Nelle vicende della storia degli uomini, spesso tormentate da sofferenze e tribolazioni varie, questo regno di amore e di pace, di gioia e di giustizia non si avverte facilmente e, agli occhi di tanti, anche di molti cristiani, sembra che sia assente, ma è presente e lo realizzano, anche nel silenzio e nel nascon-dimento, coloro che lo vivono nella giustizia e nella carità, nella donazione della vita per gli altri, servendoli con dedizione evangelica ad imitazione di Gesù. Il Padre ha posto il suo Figlio, unico pastore di tutti gli uomini, recita la Colletta di questa solennità, per costruire il suo regno d’amore nelle tormentate vicende della storia e « alimentare in noi la certezza di fede, che un giorno, annientato anche l’ultimo nemico, la morte, egli ti consegnerà l’opera della sua redenzione, perché tu, o Padre, sia tutto in tutti ».
Prima Lettura: Ez 34,11-12.15-17.
Il profeta Ezechiele, nel brano che la liturgia ci fa riflettere oggi, nella figura del pastore e in ciò che egli compie per le sue pecore, vede l’opera di Dio per il suo popolo.
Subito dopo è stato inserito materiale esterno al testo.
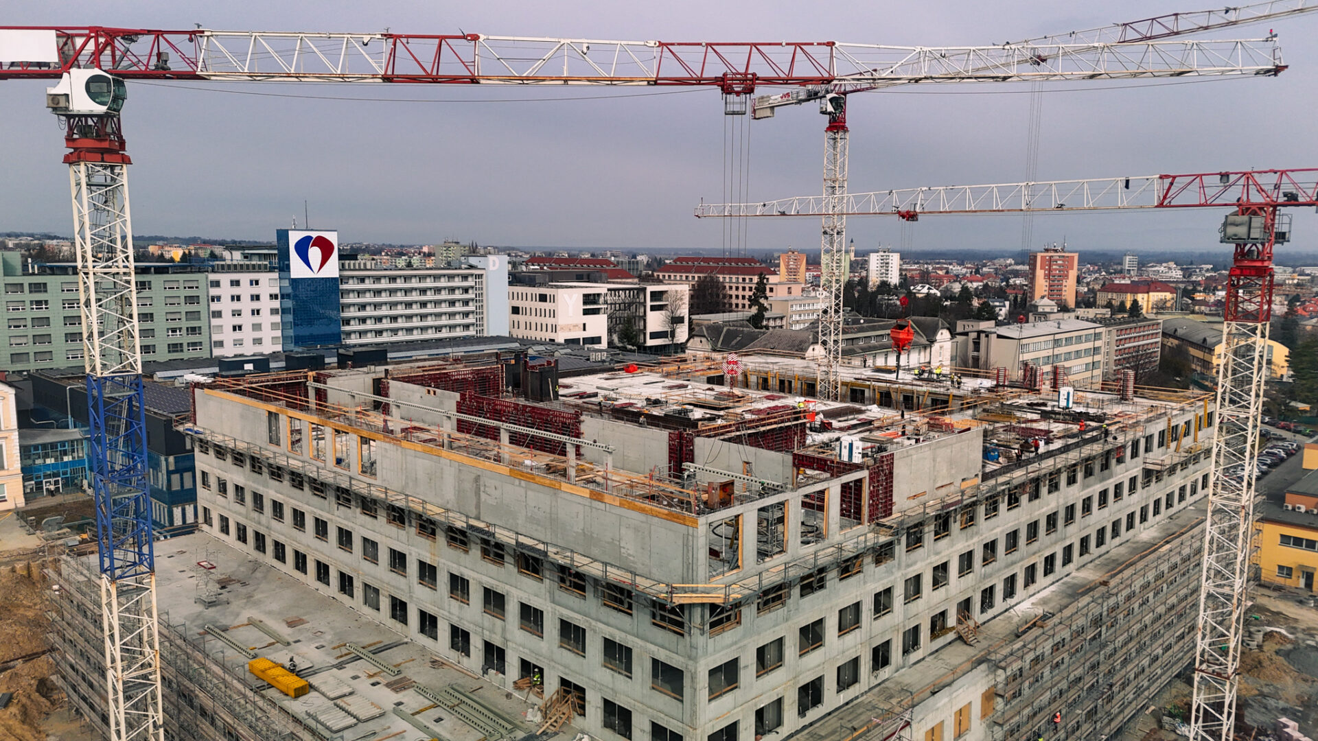Podívejte se na aktuální stav stavby Fakultní nemocnice Olomouc, kde zabezpečujeme realizaci monolitické konstrukce budovy B „Franz Josef“. Pomalu, ale jistě finišujeme.

Come il pastore cerca le sue pecore, vigila ed è premuroso verso il suo gregge, passa in rassegna le sue pecore, così fa Dio con gli uomini, mandando il suo Figlio a riunire i figli di Dio dispersi nel perseguire le vie del male: « Io passerò in rassegna le mie pecore e le radunerò da tutti i luoghi dove erano disperse nei giorni nuvolosi e di caligine ». Dio stesso, come il pastore, conduce gli uomini con la sua Parola, ricerca la pecora perduta e riconduce all’ ovile quella smarrita, fascia quella ferita e cura la malata, ha cura della grassa e della forte e tutte pascerà con giustizia. Inoltre: « A te, mio gregge, così dice il Signore Dio: Ecco io giudicherò fra pecora e pecora, fra montoni e capri ». Dio quindi agisce con gli uomini con giustizia e amore, per cui, più che vivere nell’ angoscia o nel timore del suo giudizio, dovremmo avere un senso di pace profonda, confidando nel suo amore, nella sua misericordia, ricordando che Dio non vuole, come dice altrove lo stesso profeta, la morte del peccatore, ma che si converte e viva.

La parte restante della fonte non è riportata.